Like when he’d go on too long about books or music until people made that uncomfortable face they always eventually made. The face that meant they’d stop inviting him to coffee or their club or anywhere at all.
Or the way he’d follow rules exactly until it annoyed even his teachers or bosses—or completely ignore the rules when they made no sense, which somehow also annoyed the same teachers and bosses.

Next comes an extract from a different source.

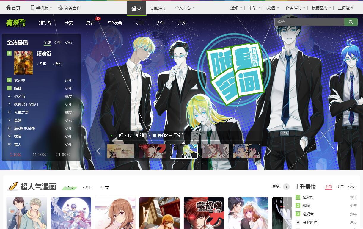 北京四月星空網(wǎng)絡技術有限公司(以下簡稱:有妖氣)是中國知名的動漫網(wǎng)絡及內(nèi)容企業(yè),奧飛娛樂股份有限公司全資子公司。有妖氣以互聯(lián)網(wǎng)動漫版權業(yè)務為核心,利用互聯(lián)網(wǎng)大平臺優(yōu)勢,不斷地在網(wǎng)站業(yè)務,移動業(yè)務及漫畫、動畫、游戲內(nèi)容等領域取得驕人成績,力求成為中國原創(chuàng)動漫產(chǎn)業(yè)的源頭砥柱型企業(yè)。有妖氣正式成立于2009年5月,并在同年10月上線原創(chuàng)漫畫網(wǎng)站“有妖氣(www.u17.com)”。作為中國獨立原創(chuàng)漫畫網(wǎng)絡的先鋒領航平臺,“有妖氣(www.u17.com)”匯聚了近30000名漫畫家、48000余部漫畫作品與數(shù)億漫迷。網(wǎng)站以海量的用戶積累、強勢的市場營銷,及自發(fā)的活躍原創(chuàng)漫畫工作者們?yōu)楹蠖?,從事原?chuàng)漫畫的互聯(lián)網(wǎng)創(chuàng)作、營銷、推廣及商業(yè)化工作,平均月更新作品達到60000頁以上,吐槽量突破1億條。有妖氣于2009年推出網(wǎng)絡漫畫業(yè)務,2012年推出網(wǎng)絡動畫業(yè)務,首部作品《十萬個冷笑話》番劇一經(jīng)推出便風靡中國,累計網(wǎng)絡播放量超過30億次。2013年啟動動畫電影業(yè)務,2014年推出手機游戲業(yè)務,并在衍生品圖書等業(yè)務上不斷與第三方進行深度合作,目前已充分覆蓋各產(chǎn)業(yè)鏈條。2015年《十萬個冷笑話》大電影上映,票房過億。2016年推出動畫《鎮(zhèn)魂街》,燃爆夏日,被譽為“臺詞劇情功底過硬”的熱血少年漫。2017年有妖氣在漫畫版權開發(fā)方面又登上了一個新的臺階,年初開播的《菊叔5歲畫》番劇、《開封奇談》番劇、廣播劇、真人劇都創(chuàng)造了良好的數(shù)據(jù)表現(xiàn),暑期上映的《鎮(zhèn)魂街》超級網(wǎng)劇累積播放量多達22億次,同時《十萬個冷笑話2》大電影全球上映,成為國產(chǎn)動畫電影票房黑馬。在2017年歲末時有妖氣又推出了《端腦》真人劇,成功突破次元壁,獲得廣大觀眾的一致好評。2018年有妖氣將帶來更多的驚喜,我們愿與合作伙伴攜手共同成長。

And worrying. Preston was a full-time worrier. If worries were bought at the store, Preston would come home with a Costco-sized pallet of them.
Worries that he wouldn’t be allowed to do his job properly. That it would be taken away from him entirely.
About climate change. And police brutality. Fucking gerrymandering .
That he was fucking everything up.
And, always, always, about Lacey.
He shot out an arm to signal his turn down to the school, his stomach churning faster than his pedals spun.
His therapist had called it black-and-white thinking. Given him exercises to improve his mental flexibility. To better function in neurotypical society. Avoid getting into trouble.
Like speaking rudely to a patron at work.
But he hadn’t been at work. He’d been outside work, on his way to pick up Lacey like he did every day.
Except today. Today, he’d received a call from the school—accompanied by a sharp spike of anxiety until the office lady explained why. Lacey had hit a classmate. Preston had been summoned to the principal’s office.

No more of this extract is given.